Pubbl. Mar, 3 Mar 2015
La nomofilachia della Cassazione e il suo legame con il precedente giudiziario di Common Law.
Modifica paginaLe massime della Corte di Cassazione sono in antitesi con il nostro sistema di Civil Law? O piuttosto da esso imprescindibili?
Come tutti gli operatori del settore giuridico ben sanno, la Corte di Cassazione è il giudice di legittimità del nostro ordinamento nonché organo al vertice della giurisdizione italiana. Si ricorre ad essa per impugnare sentenze di primo grado e in grado di appello e la pronuncia può confermare gli elementi della sentenza impugnata; cassarla senza rinvio (annullarla) o cassarla rinviandola a giudizio (affinché il giudice che l’ha prodotta si ripronunci in merito).
Funzione preminente della Corte è però quella nomofilattica: i magistrati che la compongono infatti, sono chiamati ad assicurare la correttezza di interpretazione e applicazione delle norme da parte dei giudici dei gradi di merito attraverso anche l’inserimento nel dispositivo della sentenza delle posizioni interpretative assunte dalla Corte in materia. Queste posizioni null’altro sono che i principi base fondanti un’eventuale futura trattazione -da parte di giudici di altri gradi- della medesima o simile questione.
Tali principi di diritto estrapolati dalla sentenza (e chiamati massime) vengono raccolti in un massimario annuale, serbatoio di tutte le sentenze massimate durante l’anno giudiziario. Una prassi questa, volta non tanto a creare un elenco delle soluzioni della Corte nel caso concreto, quanto piuttosto ad incanalare l’attività giurisdizionale nei casi futuri lungo un unico corso, le cui linee guida vengano previamente evidenziate dalla Cassazione.

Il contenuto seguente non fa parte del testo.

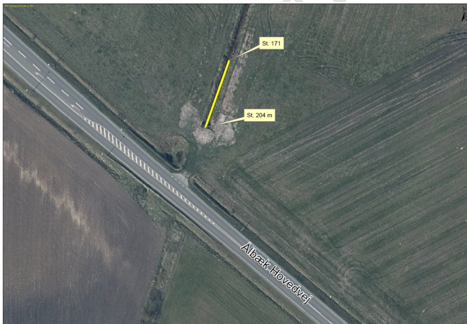
Figur 1: Placering af åbningsstrækning i Opsneum Bæk. Strækningen mellem station 171 m og 204 m er foretaget 2005/2006 (markeret med gul).

I forbindelse med et sammenfald af en rørlagt strækning nord for Ålbæk Hovedvej ved matrikel nr. 3g Solbjerg, Esbjerg Jorder og 9c Opsneum By, Sneum, blev der ved gennemsyn af tidligere luftfotos konstateret en åbning af den rørlagte strækning mellem station 171 m og 204 m foretaget i sommeren 2005/2006 (Figur 1). Af regulativet fremgår det, at Opsneum Bæk skal være rørlagt til station 171 m. Sagsbehandlingen omfatter en lovliggørelse af dette.

Fonti di diritto nel nostro sistema giuridico (di Civil Law) sono in primo luogo Costituzione e legge ordinaria; inoltre va detto che la Costituzione italiana rientra tra quelle di tipologia rigida (non flessibile come in altre esperienze costituzionali), la cui modifica, per essere attuata, necessita di un procedimento legislativo complesso attraverso il sistema della maggioranza qualificata. Il giudice in base all’art. 113 del codice di procedura civile, risulta assoggettato nella sua attività al rispetto delle norme giuridiche: non può pervenire ad una soluzione secondo equità se non sia la legge ad acconsentirvi esplicitamente e in ipotesi tassativamente indicate.
Tale sistema si distingue in toto dall’esperienza anglosassone di Common Law, nella quale fonte di diritto primaria è la consuetudine (relegata nel Civil Law all’ultimo gradino delle fonti invece): si tratta di una prassi che introduce il precedente giurisprudenziale come vera e propria fonte di diritto.
La consuetudine, fonte dal carattere estremamente multiforme, mai avrebbe potuto crescere ed evolversi nel nostro sistema garantista. Si ricorda, invero, che il nostro ordinamento necessita di diritto positivo, scritto e previamente stabilito dal legislatore; poco o niente si apre all’iniziativa del giudice, il quale dovrà rinvenire le sue fonti nei testi scritti e ad essi attenersi, contrariando alle volte casi simili risolti in altro modo all’interno di precedenti processi.
Come si concilia tutto ciò con la nomofilachia? Perché in un sistema come il nostro nel quale il precedente non ha valenza legislativa, se prodotto invece dalla Cassazione, dovrebbe guidare le decisioni future di altri magistrati?
1) L’iniziale parvenza antitetica può essere velocemente sconfessata senza indugi, qualora si pensi che ogni sentenza può essere impugnata davanti alla Cassazione e che, se una decisione presa da un giudice inferiore non tiene conto della sua posizione in materia, verrà ovviamente cassata.
2) Inoltre, sappiamo che la legge è, per sua stessa natura, un sistema non raramente lacunoso, le cui riforme intervengono tentando di omologare i principi di diritto comune alle esigenze concrete del comune cittadino. Il massimario permette più agevolmente di guidare l’attività del giudice ed aiutarlo qualora la materia sia legislativamente incompleta e una riforma ad hoc di difficile realizzazione.
3) Infine, l’ordinamento giuridico deve essere uniforme, quindi le decisioni dovranno esserlo a loro volta tra di esse: questa omogeneità di indirizzo può essere efficacemente garantita dalla prassi di diritto comune creata dalla Cassazione.
Quella che potrebbe quindi sembrare al primo e fugace sguardo un’eccezione alla regola risulta invece essere un mezzo a tutela dei principi ispiratori del nostro ordinamento e da esso ineliminabile.